#### [Goal of the exercise]
Starting at the first line of the data and ending at the line with "The structure is", copy each line exactly. Include both of those lines, but no pictures.
______________________________
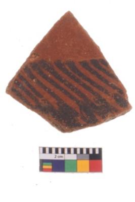 | Description / विवरण | Specimen of potsherd black on red painted pottery. It is fine fabric in sharp contrast with painted design are executed in black pigment. |
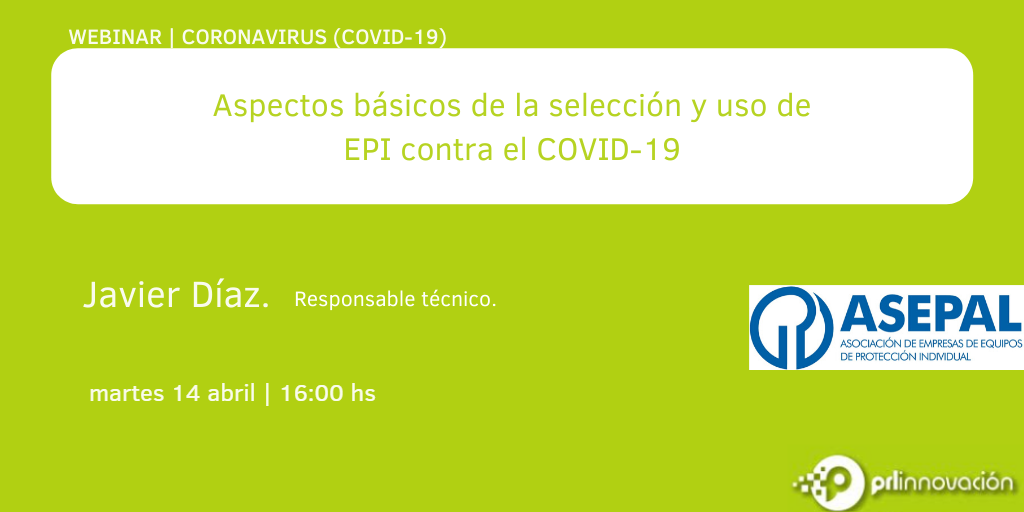 Javier Díaz, Responsable técnico de ASEPAL, tratará los aspectos técnicos y requisitos básicos que deben cumplir los EPI, para la protección de los trabajadores de diversos sectores en un contexto de exposición al virus SARS-CoV-2, además de los fundamentos del uso de estos equipos.
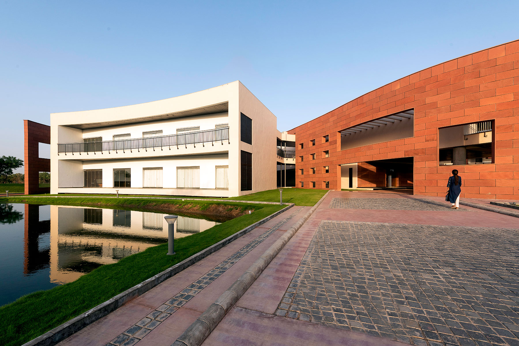 The structure is finished in exposed concrete both outside and inside, and bands of red Agra stone on the east, south and north external elevations contrast with the grey concrete.
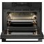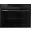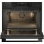 Откидная дверца представляет собой сплошную стеклянную поверхность без выступающих деталей, удобную в очистке. Трехслойное остекление и активное охлаждение препятствует нагреванию дверцы. И стекло, и дверцу можно снимать для упрощения очистки. Функция плавного закрывания и открывания Dual Soft Close позволяет плотно закрыть дверцу одним толчком. Камера изнутри покрыта пиролитической эмалью. Для освещения служат две галогенные лампы. Панель управления позволяет регулировать настройки при помощи поворотных переключателей, сенсорных кнопок и TFT-дисплея. Имеется возможность блокировки панели управления от детей. В комплект входят несколько противней из металла и стекла, набор для приготовления на пару, съемные направляющие.
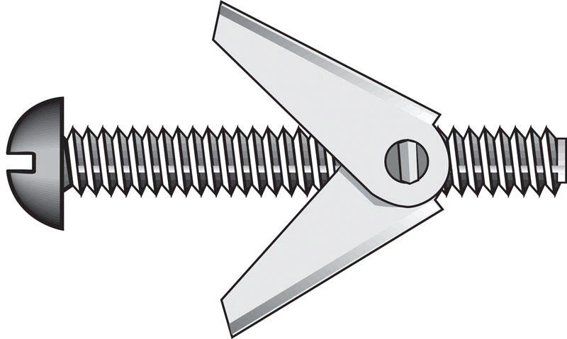 Toggle bolts come with spring-action wings and are intended for anchoring into hollow walls. The wing is designed to spread apart behind the base material upon installation for firm hold in hollow wall applications. The wing disperses the weight of the secured item over a larger area, increasing the weight that can be secured compared to a regular bolt. *
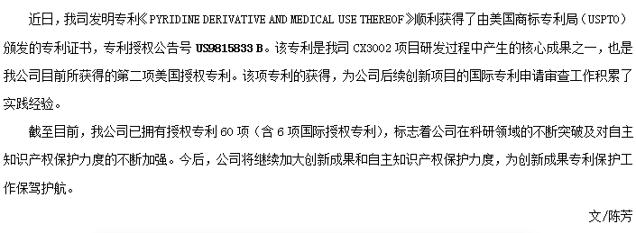 热烈祝贺我公司CX3002项目技术获得美国发明专利
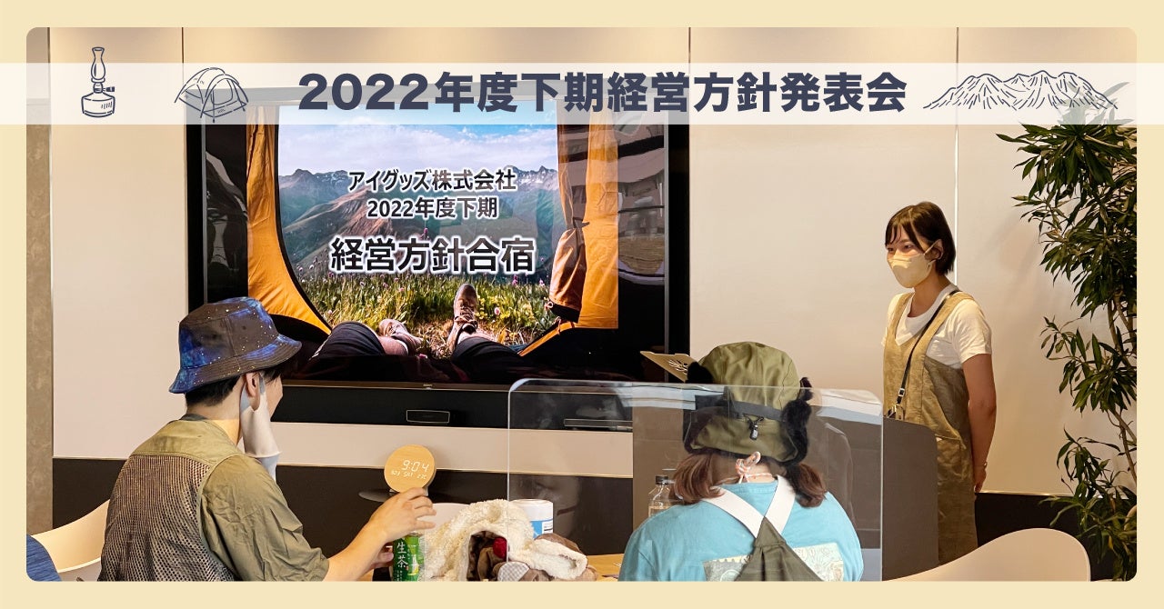オリジナルグッズを製作するアイグッズ株式会社(本社:東京都渋谷区)は、2022年9月に「2022年度下期経営方針発表会」を開催しました。年に2〜3回実施している方針発表ですが、今回は「キャンプ」というコンセプトのもと社内にテントを張り装飾を施し、社員もキャンプの服装で出社するなど、1日限定で社内がキャンプ場と化しました。また、「対話」をテーマに事業部ごとにチームの未来戦略を考え、経営陣にプレゼンするミッションも実施。全員が当事者意識を持って会社のあり方を再確認する1日となりました。
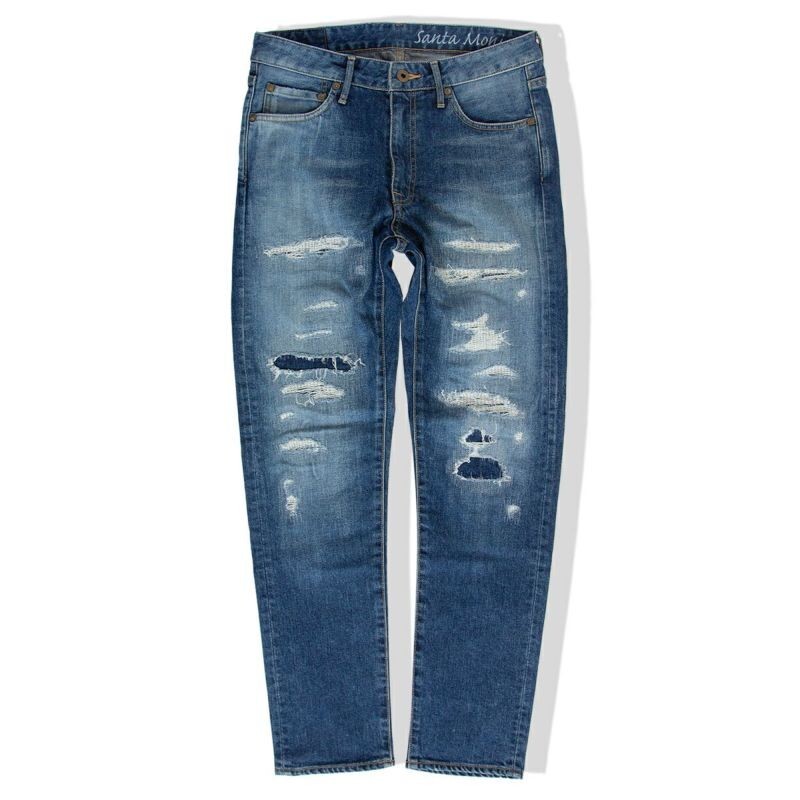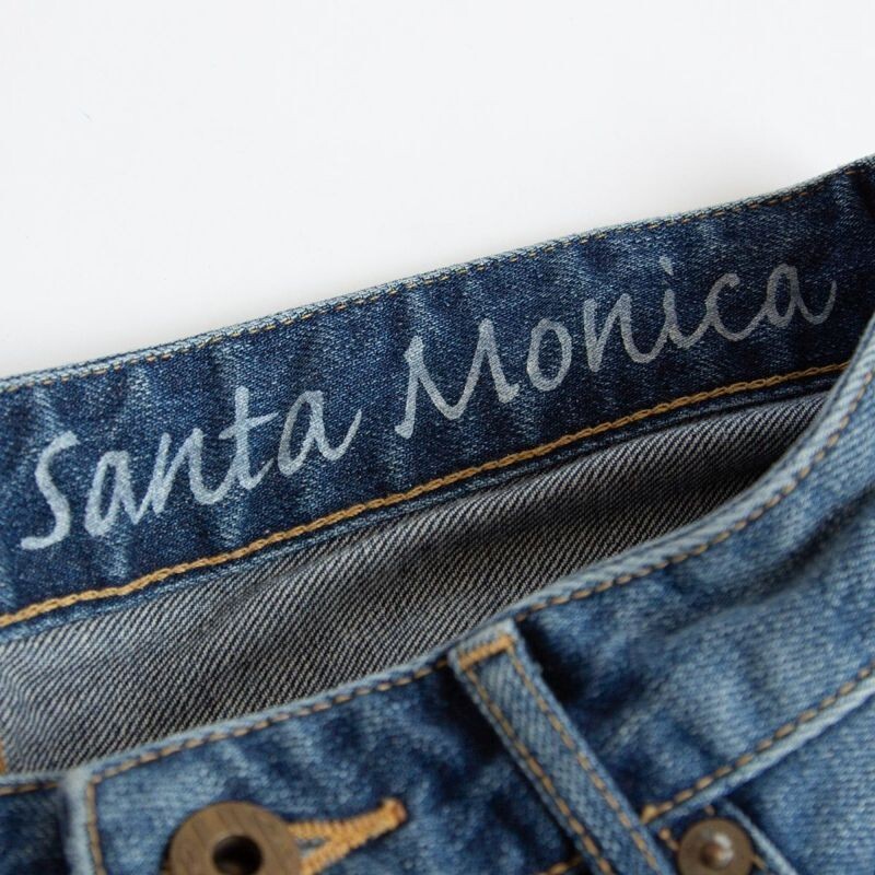 1本1本職人の手で丁寧にダメージやリメイク加工を施したデザインは他にはない本格的な仕上がり。ロサンゼルスの観光・ビジネスの中心街「サンタモニカ」をイメージし、様々な人種が集う様子を濃淡のコントラストで表現した仕上がりです。
______________________________
#### [Solution to this exercise]
 | Description / विवरण | Specimen of potsherd black on red painted pottery. It is fine fabric in sharp contrast with painted design are executed in black pigment. |
 Javier Díaz, Responsable técnico de ASEPAL, tratará los aspectos técnicos y requisitos básicos que deben cumplir los EPI, para la protección de los trabajadores de diversos sectores en un contexto de exposición al virus SARS-CoV-2, además de los fundamentos del uso de estos equipos.
 The structure is finished in exposed concrete both outside and inside, and bands of red Agra stone on the east, south and north external elevations contrast with the grey concrete.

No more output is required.